Я освободил чемодан и сложил туда деньги. Получился ковер из купюр, заботливо собранных в пачки. Директор банка лично вручил мне мои сбережения, немного обеспокоенный: «Вы уверены, что правильно поступаете?» В своем номере я любовался богатством, что скопил за свою жизнь, переполненную всевозможными намерениями. Купюры выглядели так здорово: я их гладил, трогал, теребил, нюхал. Настал вечер, я закрыл чемодан и оделся. Достал тот самый льняной костюм. Вышел из гостиницы. Завидев меня, хозяин удивился: «Вы съезжаете?»
В казино я спросил г-на Лопеса. «А, Патрик! Какой сюрприз! Чем обязаны вашему визиту?». Я открыл чемодан: «Я пришел играть». Пришлось объясняться, а то он заподозрил что-то неладное, смотрел на меня с подозрением. Потом он решил меня образумить, я сразу его остановил: «Пожалуйста, г-н Лопес. Я хотел бы пойти поиграть». Какой-то новенький, незнакомый мне служащий казино, проводил меня к столу с рулеткой. Мой бывший напарник, с которым я работал последнее время, уважительно приветствовал меня. Подошло несколько любопытных. «Делайте вашу ставку, месье». Я все поставил на 11, мой номер в отеле. Г-н Лопес в последний раз строго посмотрел на меня. «Ставок больше нет!»
Среда.
Бассейн. Одна минута сорок восемь секунд под водой и 1050 метров.
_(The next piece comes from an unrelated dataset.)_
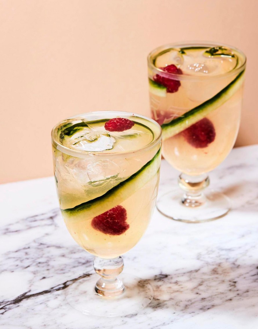 Laatikkoviinin pohjista ja kivennäisvedestä syntyy sitruunan, kurkun ja vadelman avustuksella loppukesän raikkain vähäalkoholinen cocktail.

Обед в «Тадж-Махале»: шишкебаб, рис басмати.
После обеда взялся за книгу Жана-Мари Лаклавтина. Достал ее из чемодана, открыл и стал читать. Двенадцать страниц.
Спать в 23 часа.
Воскресенье.
Провалялся все утро до 11 часов.
Небольшая прогулка: 5 километров.
Работал над путешествием вокруг света: подготовил программу по Индонезии.
Спать в час ночи.
Суббота.
Прошел пешком восемнадцать километров.
Обед в «Китайском счастье».
Прочитал три страницы Лаклавтина.
Умер Джонни Холидей. Ему был 101 год. Он прожил долгую жизнь. Посмотрел по телевизору посвященную ему передачу.
Спать в полночь.
Этот день национального траура стал последней датой в подробном дневнике Патрика Перрена. Все уместилось на девяноста восьми страницах обычной школьной тетради марки «Завоеватель».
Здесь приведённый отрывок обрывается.